Connect with Us:  

The Swim Scout: A Statistical Analysis to Swimming

Jan 20, 2014  - Elliot Meena

Editors Note: SwimNews can think of no better new team member to honour our founder Nick Thierry's legacy of stats than Elliot Meena, The Swim Scout. In his first piece for SwimNews, Elliot breaks down what many believe is the swim of the century, Jason Lezak's anchor leg on the men's 4x100 free relay in Beijing.

A Statistical Analysis Approach to Swimming

For as long as I can remember, I have been a swimnerd. Heatsheets, record books, results, videos, you name it and I studied it. It never mattered when or where a time was swum because it was, and always will be, a race against the clock. And while some might say that makes it easy, I would say it makes it simple.

As all swimmers know, the clock does not lie. It has no emotion. It’s not loyal to any team or country or conference, nor can it be influenced by the reaction of a coach or player. It is one of the most accurate measurements of success, capable of stripping away much of the noise that could affect the outcome of other sports, and leaves everyone in agreement on knowing what needs to be done in order to win. Simply touch the wall first (1).

But the story that the clock does not tell is the one about what comprised the swim in the first place, and I am not talking about splits. True, a best time is a sum of its splits, but the splits are the sum of strokes and kicks, and those strokes and kicks are being conducted by a male or a female that could have a height differential of up to four feet and a weight differential of up to 100 lbs. Catch my drift? An efficient race is an effective race and that is what statistical analysis of swimming can tell you. How to tailor your race to exactly the type of swimmer you are (2).
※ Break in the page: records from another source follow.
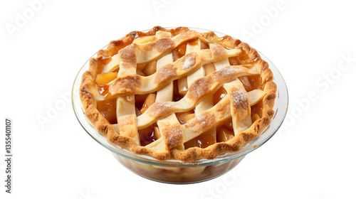 Close up shot of a homemade apple pie with a lattice crust in a glass pie dish on black backgroundisolated on transparent background
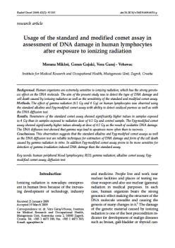 Mikloš, Morana, Gajski, Goran, Garaj Vrhovac, Verica (2009). Usage of the standard and modified comet assay in assessment of DNA damage in human lymphocytes after exposure to ionizing radiation.
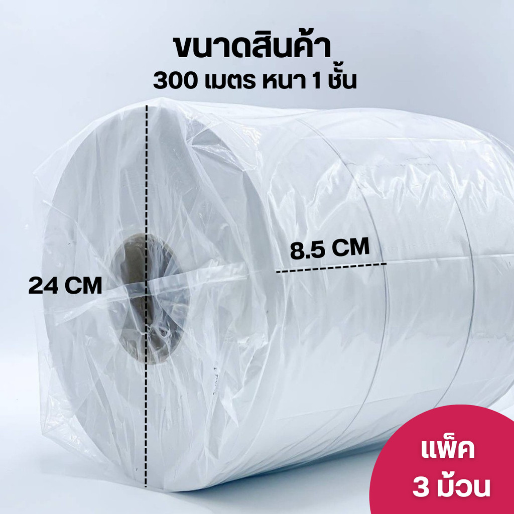 (แพ็ค 3 ม้วน) กระดาษชําระม้วนใหญ่หนา 1 ชั้นยาว 300 เมตร ทิชชู่ในห้องน้ำ กระดาษชำระ by กำตังค์
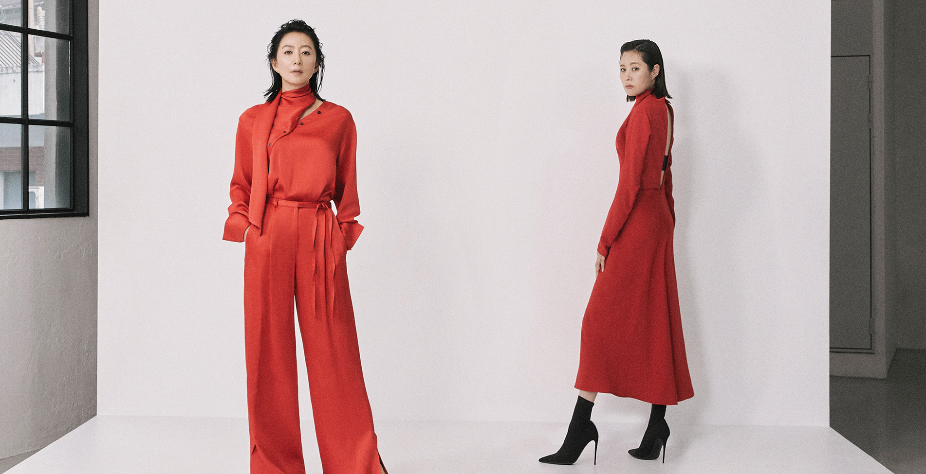 김희애가 입은 레드 실크 타이 블라우스와 실크 팬츠는 모두 Eudon Choi. 슬링백 스틸레토 힐은 Christian Louboutin. 문소리가 입은 레드 드레스는 La Silhouette de Eugenny. 슈즈는 Dolce & Gabbana.

Heck, whether you saw (or read) Moneyball or not, you’ve undoubtedly heard of Brad Pitt and Jonah Hill so the phrase “statistical analysis” is not foreign to you. But if you were anything like me when I was a swimmer, all you did was count, and never measure. But even the counting had to start somewhere, and for me it was watching Nate Dusing tie the 100-yard butterfly National High School record at the Kentucky State High School Championships in January of 1997.

I remember this race for a number or reasons, one of which was this was the first time I saw how fast underwater kicking could be (no offense to Pankratov in 96), but most importantly because it was the first time I caught myself counting strokes, without even thinking about doing it.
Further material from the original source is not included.